We also expanded on exosomes as not all readers are familiar with this entity:
Page 4 (lines 166-170)
Their nature and roles remain largely unknown but exosomes may not only be passively released from apoptotic cells into the bloodstream. Data suggested they may be actively secreted, acting as messengers in the cell-to-cell communication network, conferring them priceless values like accuracy and tissue-specificity 32759810 / 32795414 / 26524530 / 25985394.
- paragraph 1.2.3: At this point, it is poor in references, I suggest integrating and constituting a more substantial paragraph (PMID 29029605; PMID: 32759810; PMID: 32937811) such as the paragraph on CTCs which is very valid.
We understand the idea of further emphasizing exosomes relevance and therefore to further expand this paragraph. Nonetheless, this paragraph aims to review the data on exosomes for HCC prognostication, not to discuss exosomes in cancers. None of the references cited by the reviewer are related to HCC, but rather to other cancer types.
Nonetheless, we also agree that exosomes are particularly interesting analytes which deserve to be better explored in the future. Hence, we expanded this paragraph to provide more information, citing the suggested references.
Page 4 (lines 171-173)
In HCC, the data exploring the contribution of exosomes remain limited, particularly for prognosis.

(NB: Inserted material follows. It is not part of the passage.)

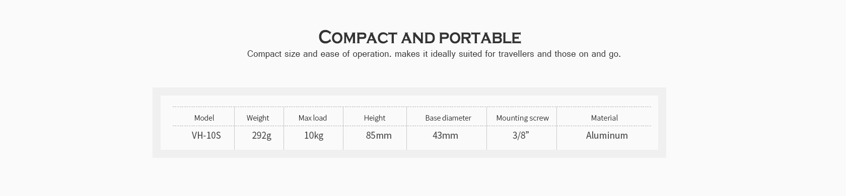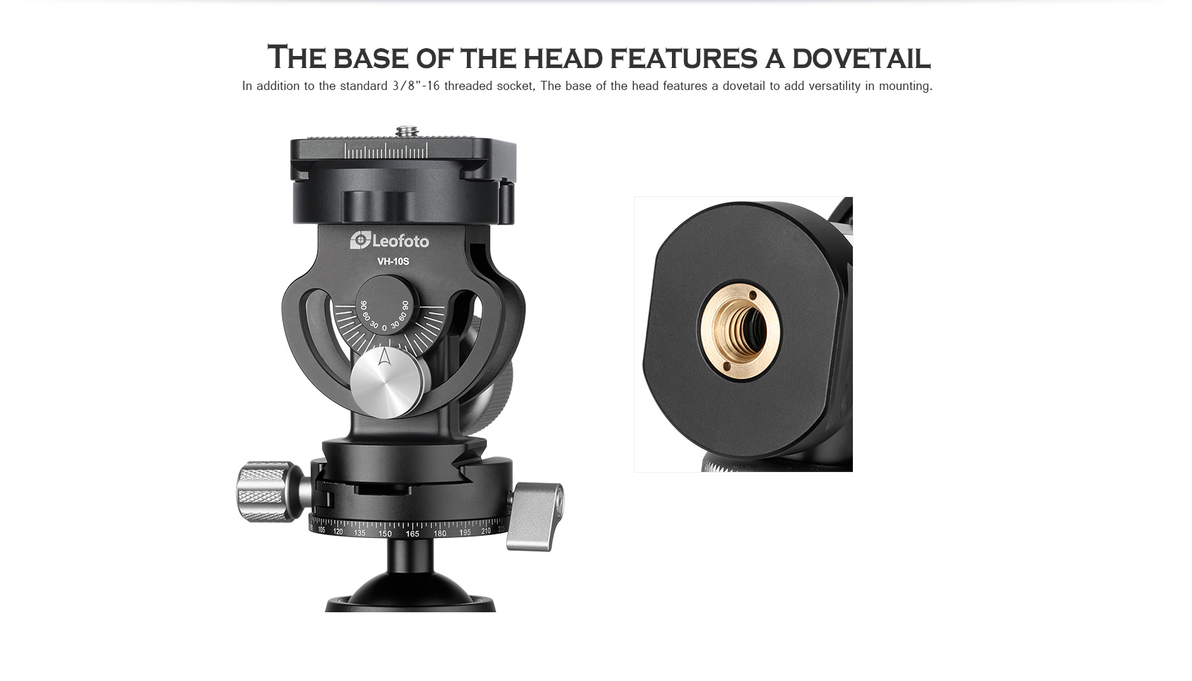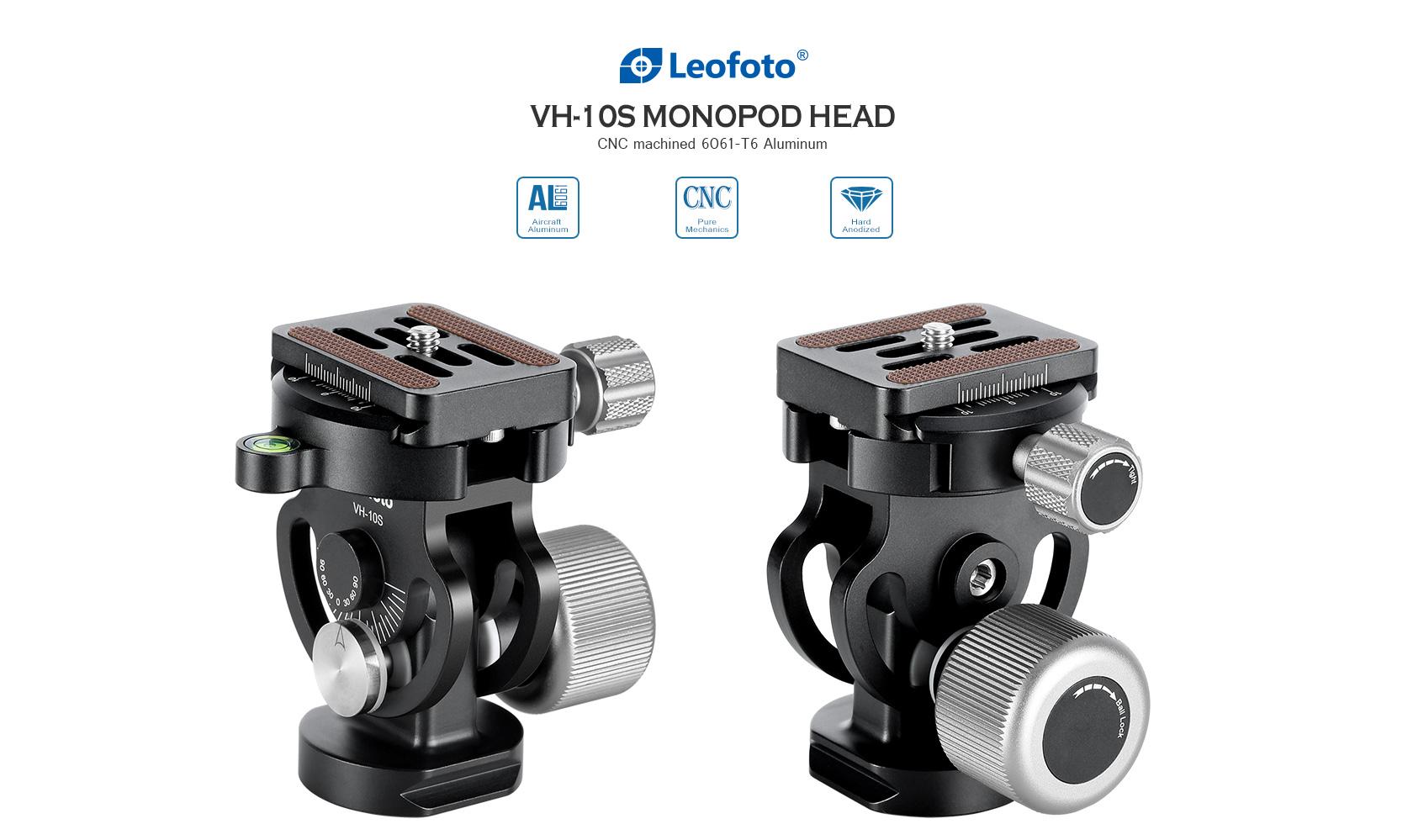 The Leofoto VH-10S 2-Way Monopod Head is a compact monopod head with an Arca compatible quick-release plate and clamp for supporting and positioning cameras and lenses weighing up to 22 pounds. It features large, knurled knobs for easy and secure tightening and numbered scales for precise and repeatable positioning. The head has a tilt range of 180°, and a bubble level for proper level orientation on uneven terrain. The VH-10S has a 3/8″-16 threaded mount in the base and an Arca-type dovetail design to be quickly mounted in an existing arca compatible clamp.

However, these analytes have demonstrated promising and polyvalent performance in other cancer types both for diagnosis and prognosis (PMID: 29029605, 32937811).
With these suggestions, the authors may extend the review, considering the normal length of this type's manuscripts and updating a good part of references.
Finally, there are some minor problems of English spelling check
line 45 - a relatively
We modified line 95 according to the reviewer’s comment (Page 3; line 101)
line 174 - as a prognostic
Modified according to the reviewer’s comment (Page 5; line 187)
line 209- surgery-induced
Modified according to the reviewer’s comment.
The manuscript now reads:
Data suggested that surgery-induced manipulation of the liver is associated with a release of CTCs (Page 5; line 222)
line 224 - It appears that an article is missing before the word number. Consider adding the article.
This sentence was modified, for clarification. The manuscript now reads:
Overall, data consistently identified that the number of CTCs was a surrogate of poor prognosis predicting higher recurrence and/or lower survival (Page 6; line 237).
About tables S1 and S2: I don't think there is a need to enter the authors and the journal's names.
Following the reviewer’s comment, we removed columns with authors and journals’ names.
Table S2: I suggest to change the PMID column title to Ref, as in table 1.
The column’s title “PMID” was changed for “Ref”, as suggested by the reviewer.
Round 2
Reviewer 2 Report
I thank the authors for their comprehensive replies to my comments. Very good the added figure 2 and the inserted passages, now it is a more consistent manuscript. Nothing else to add, well done!